Зашел к знакомому сапожнику: тот содрал полтора рубля за пару подметок.
– Есть ли на тебе крест-то? – саркастически осведомился Пантелей.
Крест, к удивлению ограбленного Пантелея, оказался на своем месте, под блузой, на волосатой груди сапожника.
«Ну вот остался у меня рупь целковый, – со вздохом подумал Пантелей. – А что на него сделаешь?

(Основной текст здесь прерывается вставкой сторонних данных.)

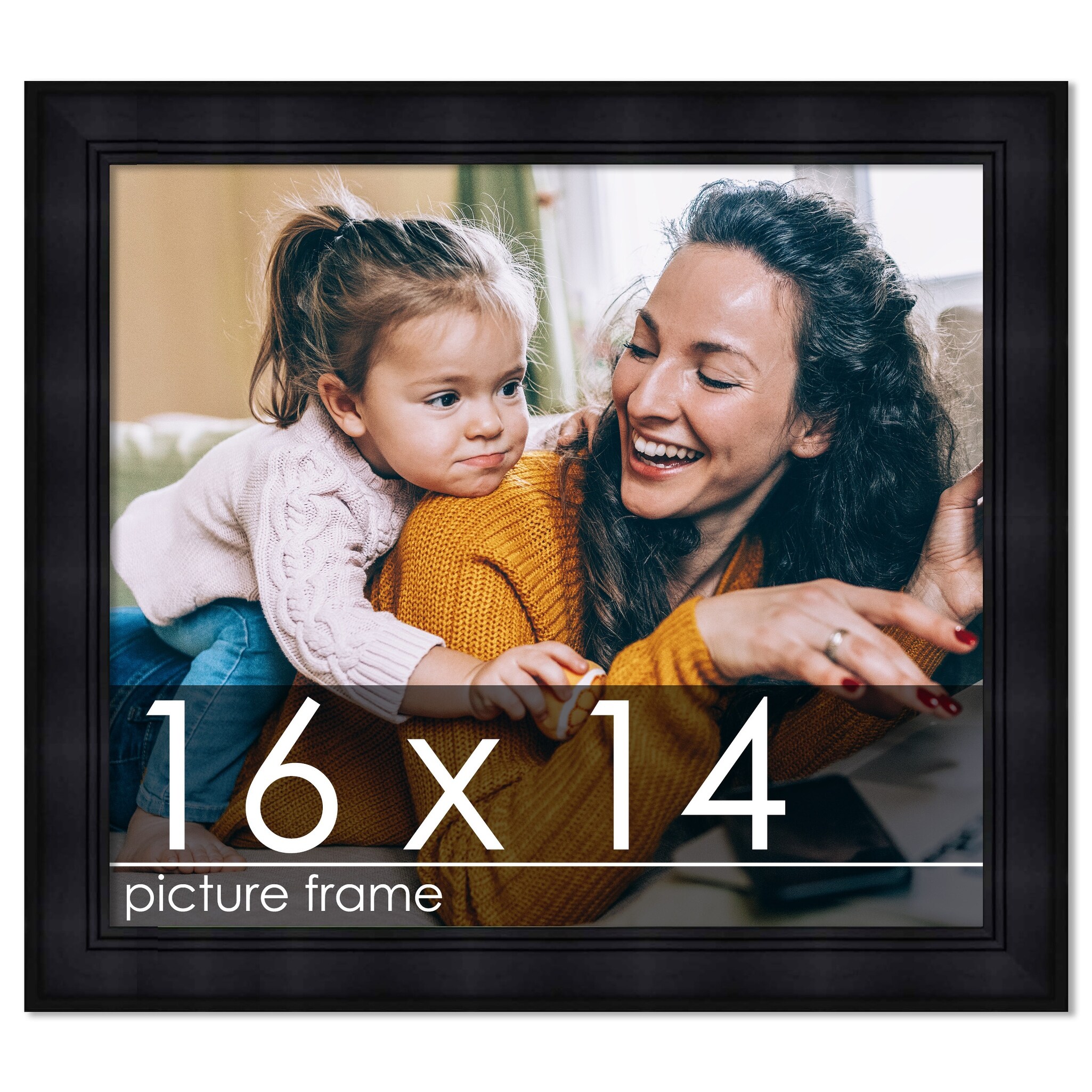 16x14 Frame Black Contemporary Wood Picture Frame - UV Resistant Acrylic, Acid-Free Backing, & Hanging Hardware Included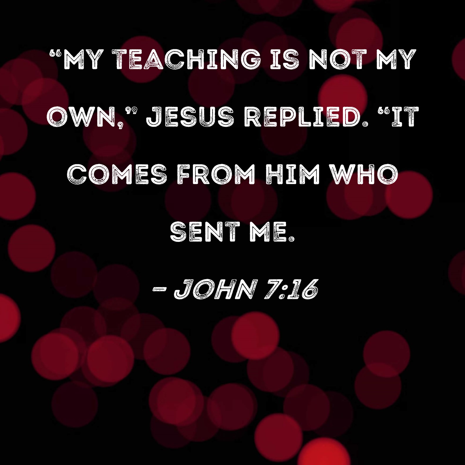 John 7:16 "My teaching is not My own," Jesus replied. "It comes from Him who sent Me.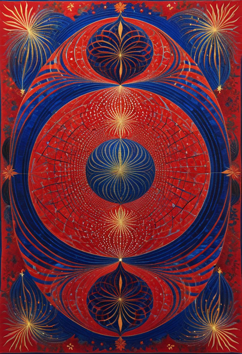 Style of Giacomo Balla, lapis lazuli stone, Haft Paykar, Nizami Ganjavi, land of darkness, recurrence, cyclic universe, cyclical, schizoanalytic cartography, aureolin color, crimson red, sharp colors, bright, splendid, mesmerizing art, ths_tapestry, Amanda Sage style, pureerosface_v1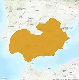 En cuanto a su extensión geográfica, no se encuentra claramente limitada.[5] Algunos expertos consideran que puede haber mayor número del que parece.[6] Han tenido lugar redescubrimientos en la provincia de Córdoba,[7] sirva de ejemplo la población hallada el municipio de Guadalcázar.[8] Las poblaciones se encuentran aisladas, lo que dificulta el intercambio genético, siendo uno de sus limitantes la ausencia de alas. También hay ciertas barreras geográficas, como la autovía A-49.[4] Se han catalogado núcleos, como manchas dispersas, lo que dificulta una aproximación de la extensión de la especie. En Andalucía se concentra la mayor extensión, sumando un total de 31 cuadrículas de un kilómetro cuadrado. En Castilla-La Mancha hay un total aproximado de cuatro cuadrículas de mismo tamaño, mientras que Extremadura y Comunidad de Madrid suman un total de tres. En los últimos años (2012) el número de poblaciones parece estar aumentando.[5]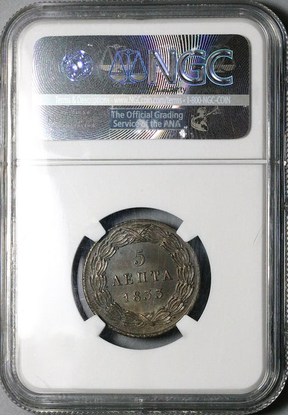 1833 NGC MS 64 Greece 5 Lepta King Otto Copper Mint State Coin (24031301D)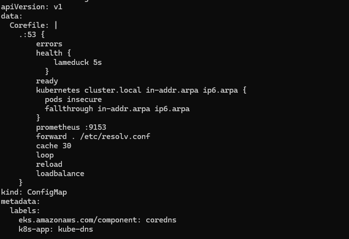 * 기본 CoreDNS의 설정 파일은 Corefile에서 확인이 가능합니다.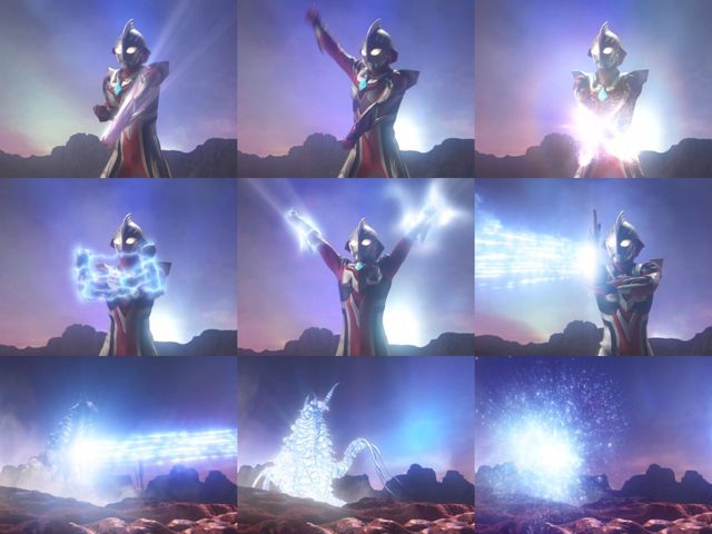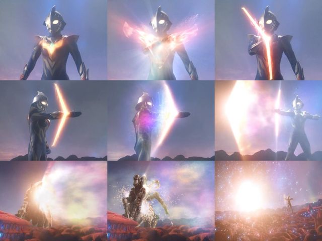 艾塔尔迦(过去)【先被弓箭光线·风暴击穿,最后,又被最终究极赛罗击中】啊【发生爆炸】

Эх!..»
Пошел и купил на целковый этот полфунта ветчины, коробочку шпрот, булку французскую, полбутылки водки, бутылку пива и десяток папирос – так разошелся, что от всех капиталов только четыре копейки и осталось.
И когда уселся бедняга Пантелей за свой убогий ужин, так ему тяжко сделалось, так обидно, что чуть не заплакал.
– За что же, за что?.. – шептали его дрожащие губы. – Почему богачи и эксплуататоры пьют шампанское, ликеры, едят рябчиков и ананасы, а я, кроме простой очищенной, да консервов, да ветчины – света божьего не вижу… О, если бы только мы, рабочий класс, завоевали себе свободу!.. То-то бы мы пожили по-человечески!
* * *
Однажды весной 1920 года рабочий Пантелей Грымзин получил свою поденную плату за вторник: всего 2700 рублей.
«Что ж я с ними сделаю, – горько подумал Пантелей, шевеля на ладони разноцветные бумажки. – И подметки к сапогам нужно подбросить, и жрать, и выпить чего-нибудь – смерть хочется!»
Зашел Пантелей к сапожнику, сторговался за две тысячи триста и вышел на улицу с четырьмя сиротливыми сторублевками.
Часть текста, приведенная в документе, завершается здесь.